Ah but, the 5870 drivers are just beta to say the least.
Even though they support DX11, the DX11 cards aren't even fully optimized to run DX10 yet.


----------



## i7bigrig

Quote:



Originally Posted by *mocha989*


come on nvidia i want your DX11 cards!!!


Why don't you just go ATI? Your mobo supports it, no reason to support a particular corporation if the competition is better.


----------



## lordikon

Quote:



Originally Posted by *Cyph3r*


Yep, and it does this through parralax mapping, which guess what!? it's been available since DX9 dammit.

NOTHING new here at all.


Automatic tessellation, independent rendering order for transparency, better depth of field, and three new shaders including a compute shader.

Sure parallax occlusion mapping was available on SOME DX9 cards (SM 3.0 and higher), but the things DX11 is showing off are available on ALL DX11 cards.

Quote:



Originally Posted by *Contagion*


Ah but, the 5870 drivers are just beta to say the least.
Even though they support DX11, the DX11 cards aren't even fully optimized to run DX10 yet.
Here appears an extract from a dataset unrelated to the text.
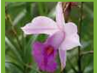
4 x Arundina graminifolia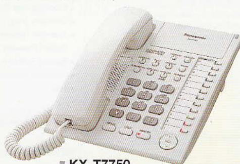
■ KX-T7750 ชุดลำโพงแบบ Monitor

Yes, but I'm saying optimized or not, DX11 is getting twice the framerate at DX10, running on the same hardware, which is awesome.


----------



## TwoCables

almighty15: is that Crysis, or Crysis Warhead? I've been through Crysis about 3 times now, but I don't recognize that scene. I'm asking because I want to see it on my computer. hehe


----------



## whitingnick

Wow, I'm convinced. DirectX11 is awesome. Thanks for the pics.


----------



## lordikon

Looked more closely at the pictures, and I'm going to have agree that while DX11 looks great, and runs better with the same geometry, this engine is purposely lowering the quality of DX9 and DX10 (as others in this thread have already stated).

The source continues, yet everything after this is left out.